After next making serious plans to attack the British Empire by invading the soft target of Jamaica, which would soon send men and supplies to Europe once the appalling Allied casualties on the Western Front overcame British military prejudices of giving black men guns, von der Goltz and von Papen decided instead to blow up the Welland Canal, a major Canadian shipping route between Lakes Ontario and Erie that bypasses Niagara Falls. A successful attack on the Welland Canal system would cripple Canadian shipping and food supplies and create panic among the public, who would demand that troops destined for the war in Europe be stationed at home to prevent invasion by the German horde to the south.

Von der Goltz was promoted to captain and acquired a US passport in the name of Bridgeman Taylor as well as 300 pounds of dynamite and 45 feet of fuse. He purchased the explosives package through the offices of Captain Hans Tauscher, an agent of Krupp, the German steel and armament juggernaut, via the DuPont Powder Company, for $534.37.

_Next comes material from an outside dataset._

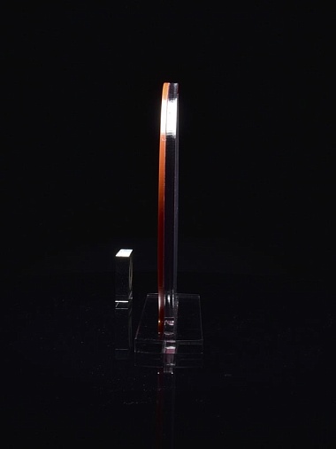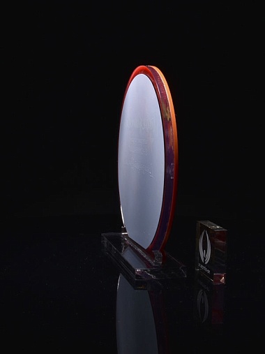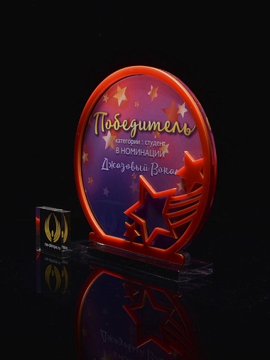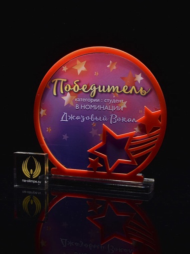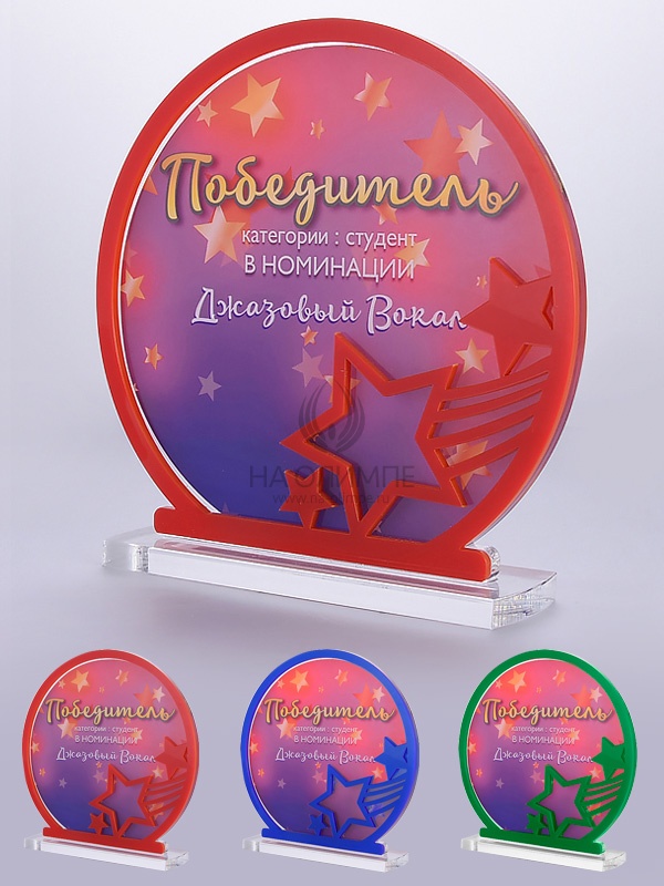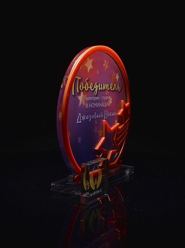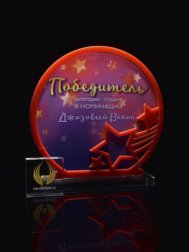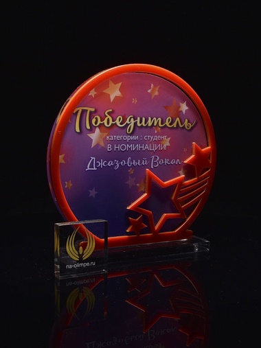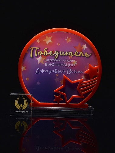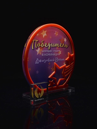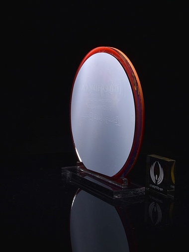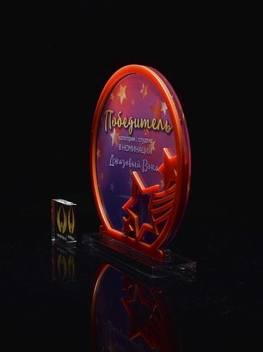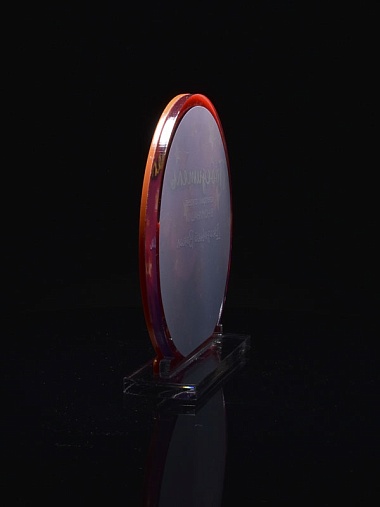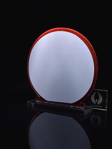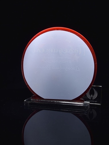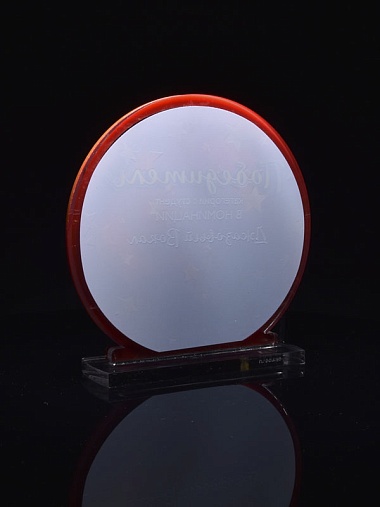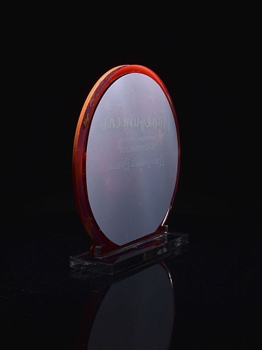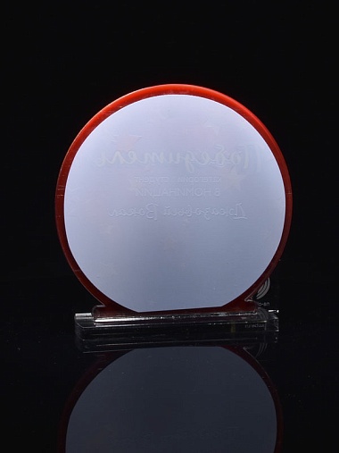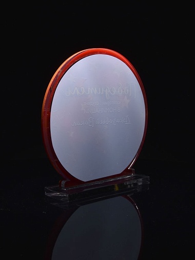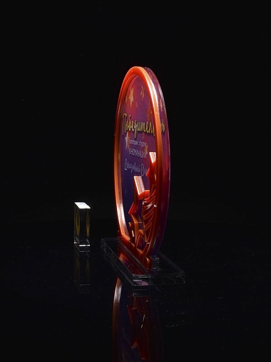 Приз из красного и прозрачного акрила с цветным нанесением.
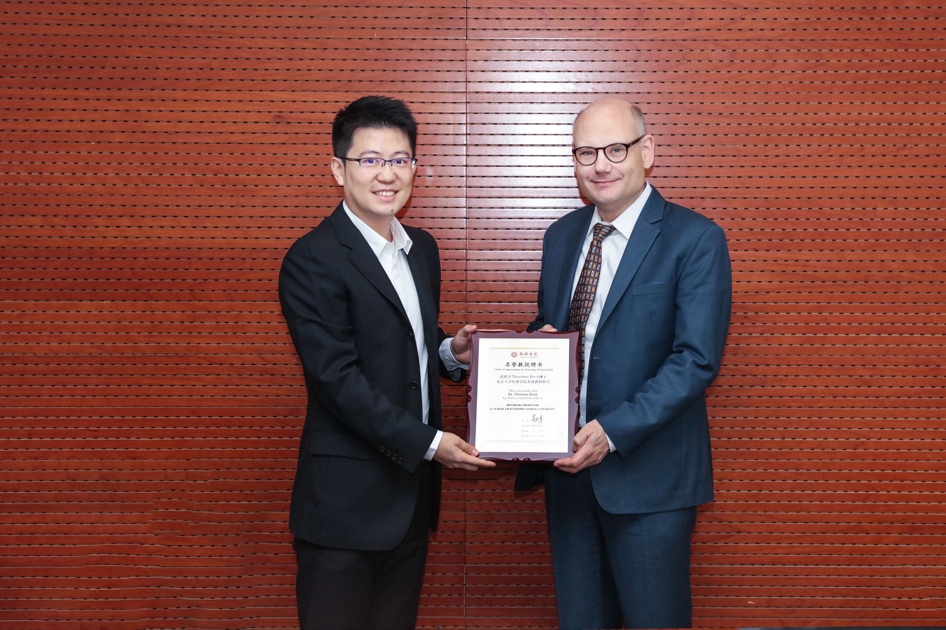 16日上午,今年会副院长秦雪征教授在学院305会议室接待了Thorsten Beck教授。秦雪征为Thorsten Beck教授颁发今年会荣誉教授证书,并向Beck教授的到访交流表示欢迎和感谢。

After picking up the dynamite and fuse himself by motorboat from a DuPont company barge in the Hudson River, von der Goltz transported it in suitcases in a careening New York taxi first to the German Club on the south side of Central Park, where Karl Boy-Ed lived, and which became such a centre for German diplomats, sympathisers and saboteurs that the US government finally seized the building in 1918. From there he went to the safe house run by Martha Held, a buxom, blue-eyed opera singer who had emigrated from Germany in 1912. With her raven hair, diamond earrings and the elaborate Victorian costumes that camouflaged her middle-age spread, Held trilled arias into the Manhattan night from her rented brownstone at 123 West 15th Street, an easy address to remember for the German sailors, officers and spies – and even von Bernstorff – who were regular visitors.

Once the explosive was safely stowed, von der Goltz and his hand-picked team of German sailors whom he had liberated from their involuntary residence in American ports headed north to strike a blow for Germany. However, not only had the Canadians figured out that such an important shipping lane might be a target for saboteurs and guarded it accordingly, by the time von der Goltz and his fellow conspirators arrived in Niagara Falls, New York, they learned that Canadian troops had left their base at Valcartier for England. So instead, they exchanged impotent telegrams with Mr Steffens (von Papen’s code name) and talked loudly about their German patriotism for all and sundry to hear. Von der Goltz claimed that it was to distract their American surveillance team from the other unit of German saboteurs heading into Canada, but the truth was that the Germans were going to have to come up with a better plan than this if they hoped to win the war on the North American front.

On 3 January 1915, an enciphered telegram arrived at Ambassador von Bernstorff’s Washington office, with orders from Berlin:

Secret. The General Staff is anxious that vigorous measures should be taken to destroy the Canadian Pacific in several places for the purpose of causing a lengthy interruption of traffic. Captain Boehm who is well known in America and who will shortly return to that country is furnished with expert information on that subject. Acquaint the military attaché with the above and furnish the sums required for the enterprise.